“Be still and know that I am God.”
This verse has become my personal mantra. Well, technically it is only part of the verse, but for me, it is the most relevant. The whole verse reads,
Be still, and know that I am God:
I will be exalted among the heathen,
I will be exalted in the earth.
But with everything going on in our crazy world, I find the first part to be the most applicable for me. I oftentimes find myself breaking it down farther into two separate pieces. The first part is “Be still…” Be still…seriously, how hard has this become for us in today’s world? There are constant distractions. Between social media, instant streaming of any movie or tv show you want, music, and just overall noise, our brains become quickly overloaded and saturated with stimuli. Don’t get me wrong, I enjoy being able to hop on the internet and look up information about anything I want. It is especially helpful when the children ask a question that I don’t know how to answer! But on the other hand, I have such a hard time just sitting still for a minute with nothing to distract me. If I find myself with a minute during the day to just sit, I often will browse Pinterest.

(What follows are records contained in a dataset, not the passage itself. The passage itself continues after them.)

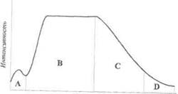 Продолжительность А - разминка (warm up): В - аэробная часть (aerobics) (не менее 15 минут): С - силовая или партерная часть (strength): D - расслабление (заминка) (cool down) ния на большие группы мышц и суставы. Специфическая часть разминки посвящается тем группам мышц и связок, на которые приходится основная нагрузка во время предстоящей тренировки или соревнований. Упражнения, включаемые в разминку должны быть адекватны контингенту занимающихся и предстоящей деятельности в основной части занятия. Разминка строится из не сложных в координационном плане, выполняемых с невысокой амплитудой. Разминку следует начинать, используя "бытовые" движения, встречающиеся в повседневной практике, в которых задействованы большие мышечные группы — обычный шаг, приставные шаги с различными движениями рук, модификации различных шагов, упражнения в стойке ноги врозь со сгибанием и разгибанием ног в коленных суставах и движениями рук (круговые, вытягивания и т.д.). Нет необходимости говорить о дозировке выполнения тех или иных движений, важнее использовать понятие целесообразности длительного применения однотипных движений понижающих интерес занимающихся к занятию. Используя эти упражнения с применением различных средств повышения интенсивности движений, необходимо добиться постепенного повышения температуры мышц, которое визуально проявляется в появлении на лбу легкой испарины через 3-5 минут. При проведении разминки следует применять упражнения низкой ударной нагрузки (Slow-impact). Ощущение теплоты и появление легкой испарины служит сигналом к возможности использования упражнений динамического стретчинга, который более предпочтителен статическому и позволяет сохранять эмоциональный настрой занимающихся двигаясь в темпе музыкального сопровождения. В период выполнения упражнений стретчинга интенсивность разминки несколько снижается, тем не менее, важность использования упражне-
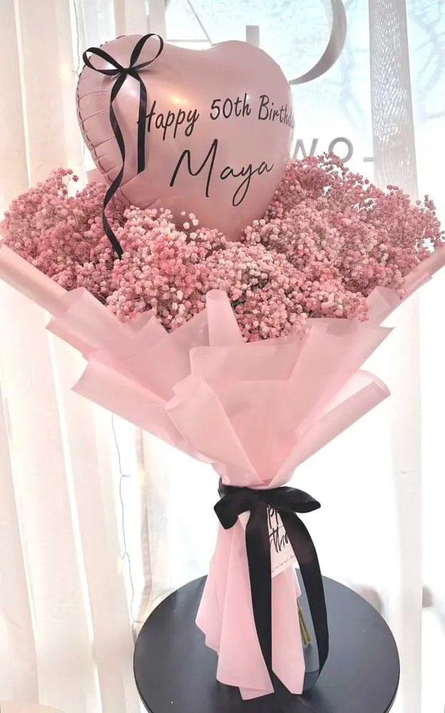 זר גיפסניות ורוד בגודל XXL בעיטוף יחודי ובתוספת בלון לב בכיתוב אישי וכרטיס ברכה מעוצב.
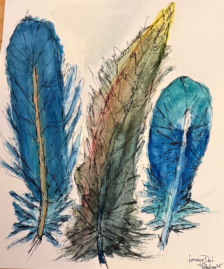 In this installment of the “Feather” series (and, in a surprise to me, one of my most popular pieces), I decided on three feathers to add a sense of “composition” to the piece–utilizing space and contrast as expressive means in themselves.
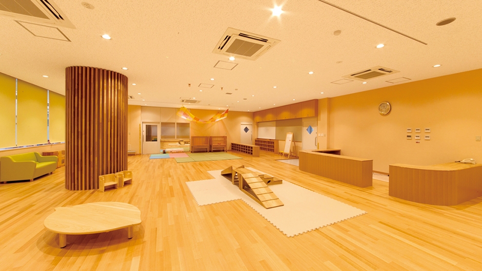 プレイルーム/カウンター特注品、本棚特注品、遊具、おもちゃ一式、ベンチ、キッズテーブル、キッズチェア、ソファ、マット一式、ユニット畳、ベビーベッド、柱装飾、ロールスクリーン
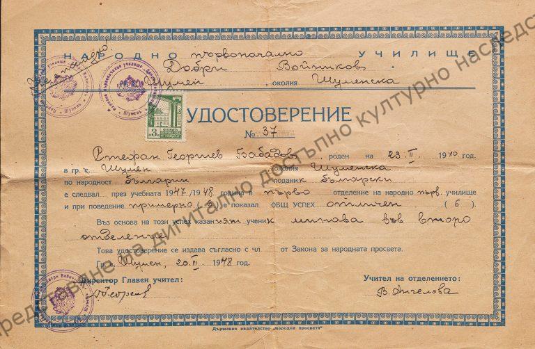 Issued to Stefan Georgiev Bobadov for completing first grade of “Dobri Voynikov” People’s Primary School, Shumen, 20th of June 1948
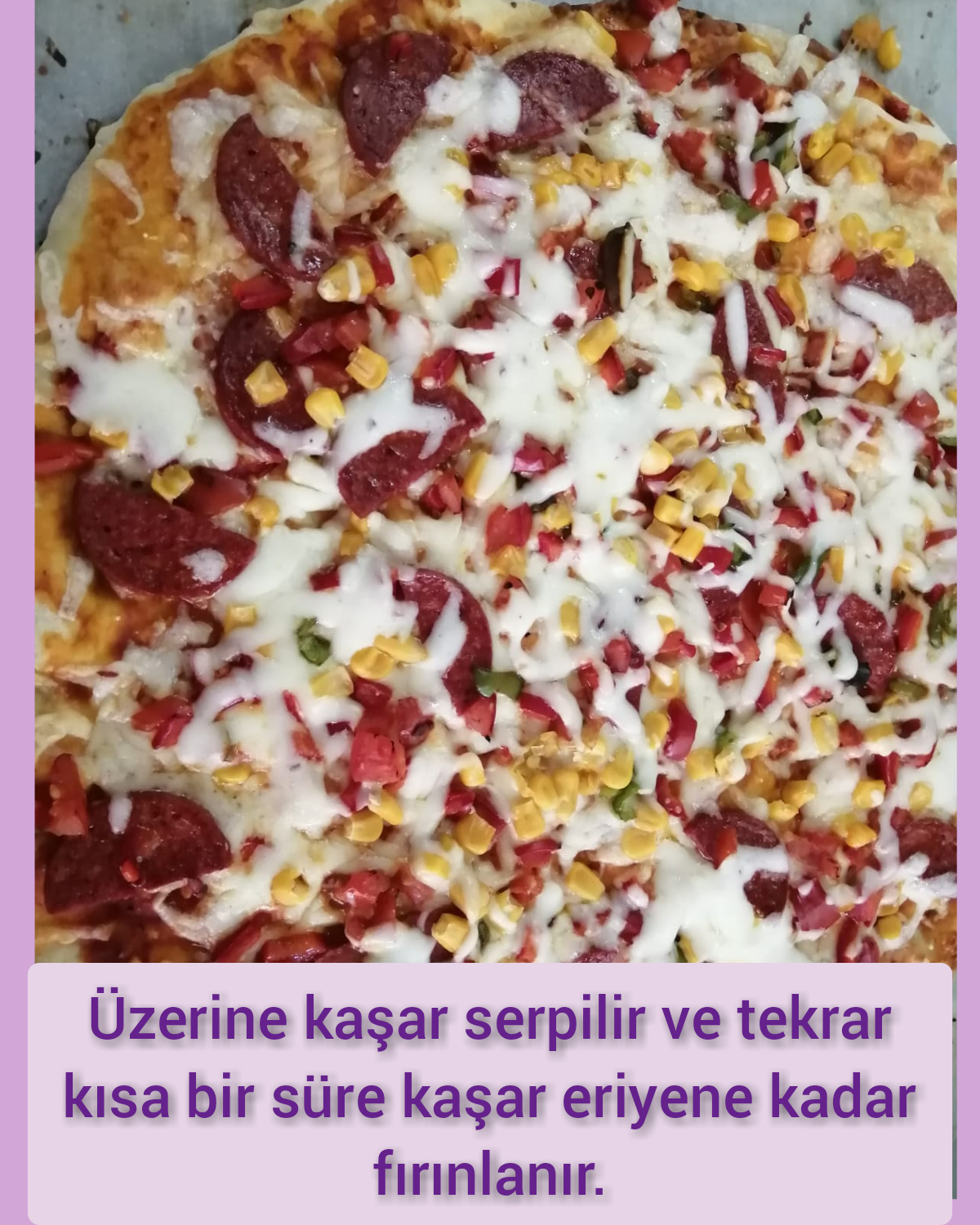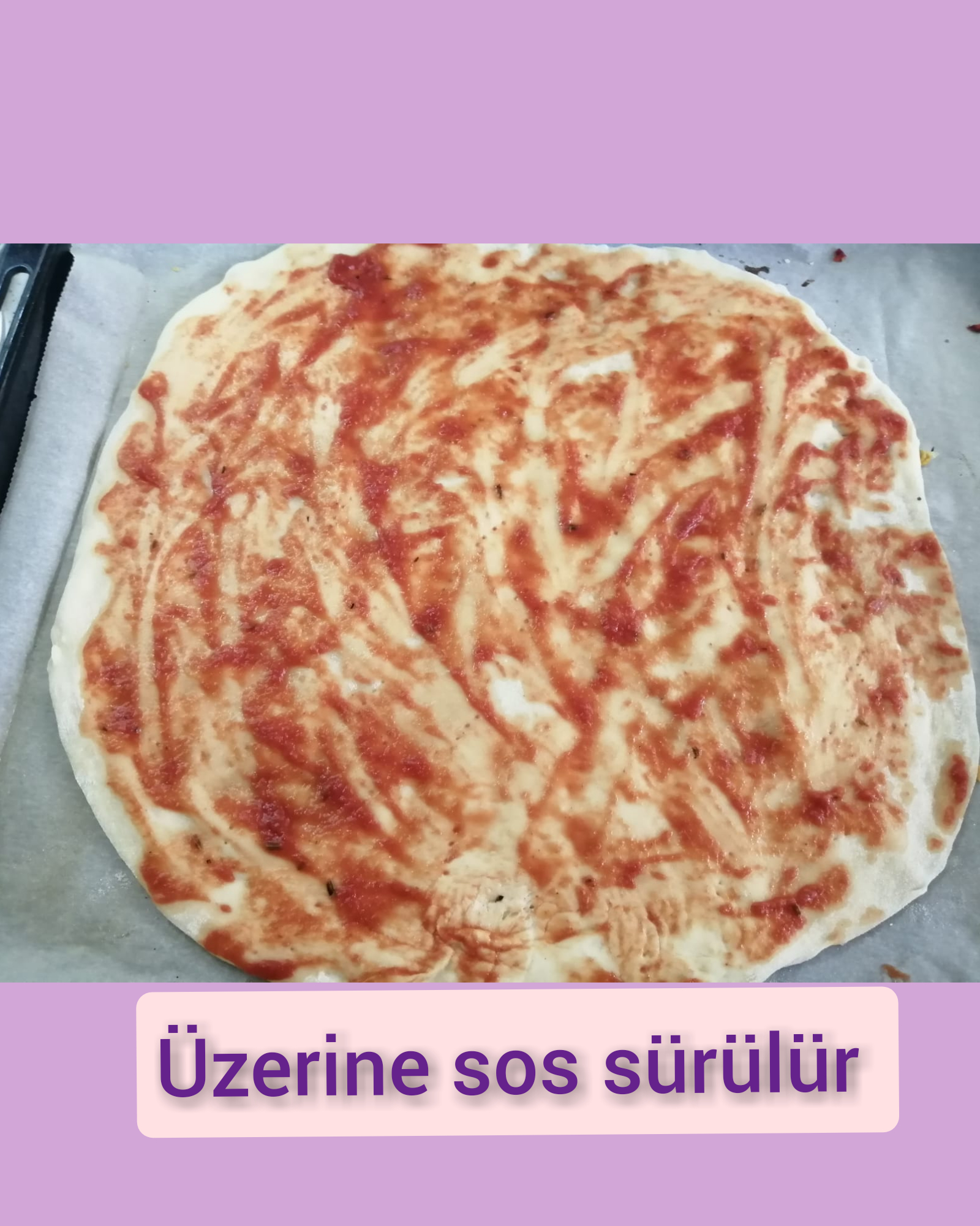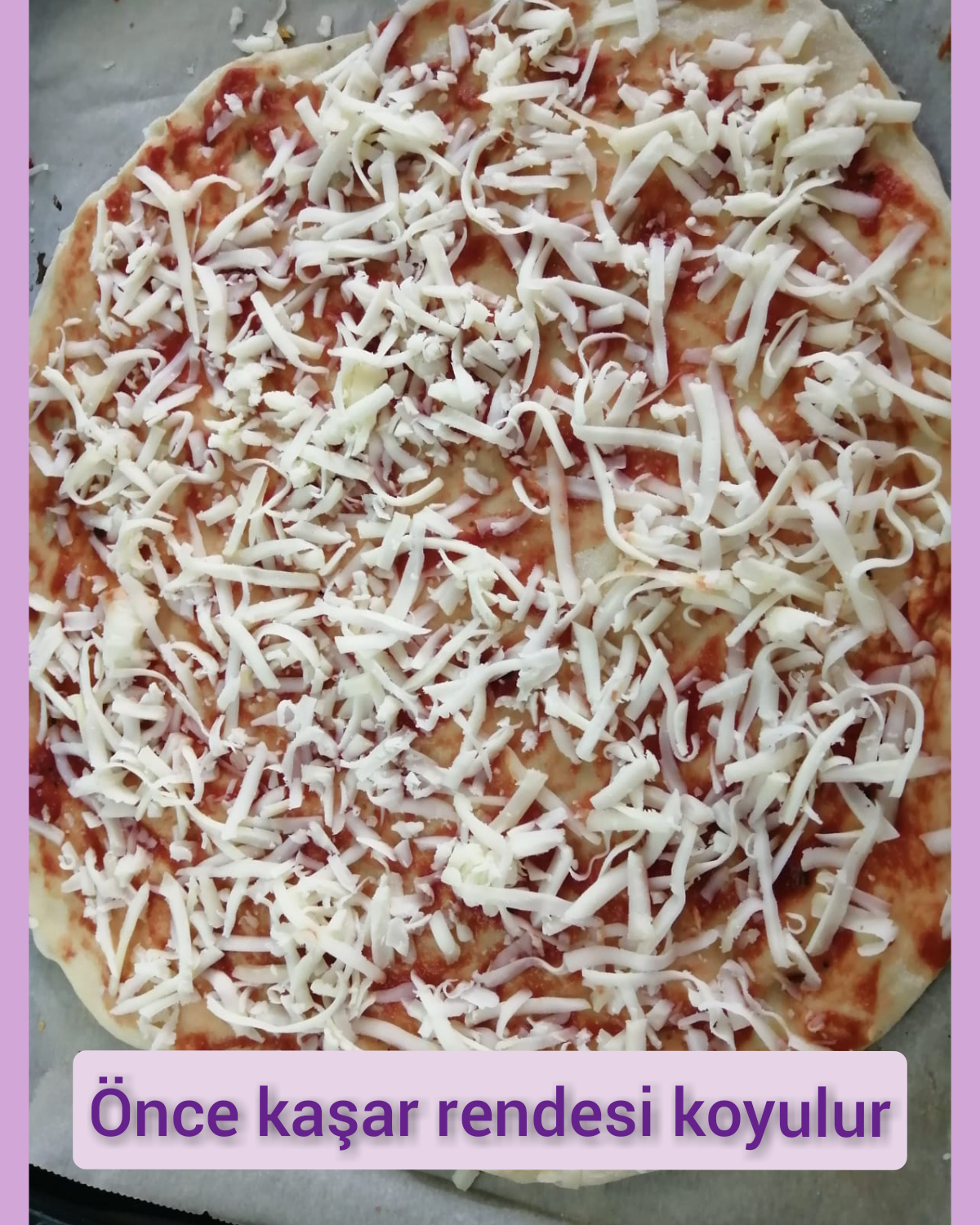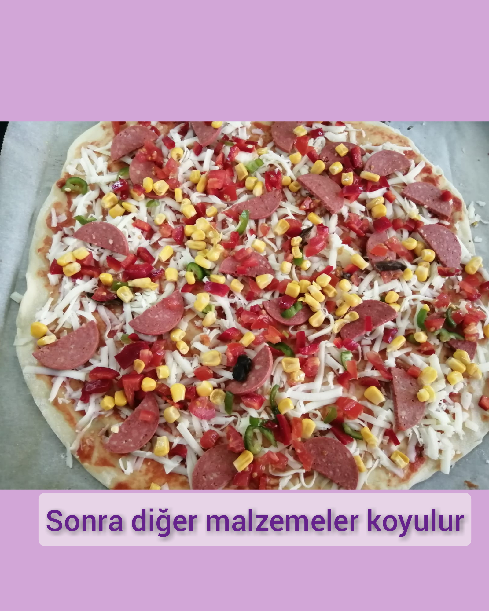 - Daha sonra üzerine sosu sürülür. Kaşar serpilir ve tüm malzemeler eklenir.

Again, not a bad thing in and of itself, but it is so easy to kill a couple minutes to a couple of hours just browsing. And the problem is, that my mind is not at rest. Even though I am sitting still, I am not still. My brain is still soaking in all the pictures, reading the blurbs, and contemplating which projects I want to try.
I admire the moms who get up before their families and have quiet time with their Bibles and God in the morning. This just isn’t feasible for me. Honestly, my quiet time with God is at night when I’m putting G to bed while my husband puts the older ones to sleep. And maybe it isn’t the “best” time, but it is what works for me right now. During this time, I really try and focus on being still with differing amounts of success. Sometimes I just sit quietly in the dark with my eyes closed and listen to what I feel God is putting on my heart. Other times, I pour out whatever is troubling me to God. Everything comes out in a rush and when that happens, I will hear Him telling me to be still. Because God wants peace for us. He doesn’t want us to be troubled, or constantly on the go. It isn’t healthy for our minds or our bodies to never have time to just Be Still.
The second part that I break this verse into is “and know that I am God:”. Oh boy, what a doozy for me. I have such a hard time sometimes handing my fears, worries, and troubles over to God. I have such a hard time letting Him lead. This is a constant struggle for me. I am trying. I am constantly praying about it. And He is constantly challenging me!
If we, as a society and as individuals, could just BE STILL for a minute. Just stop, and KNOW that God is God, what kind of wonders could He work in us? If we could just stop, and take some time out of our hectic days and stop our brains from being in constant overload, what kind of peace might we find?
And once we have found that peace, might we not then praise Him for helping us to reach that attainable peace He wants for all of us?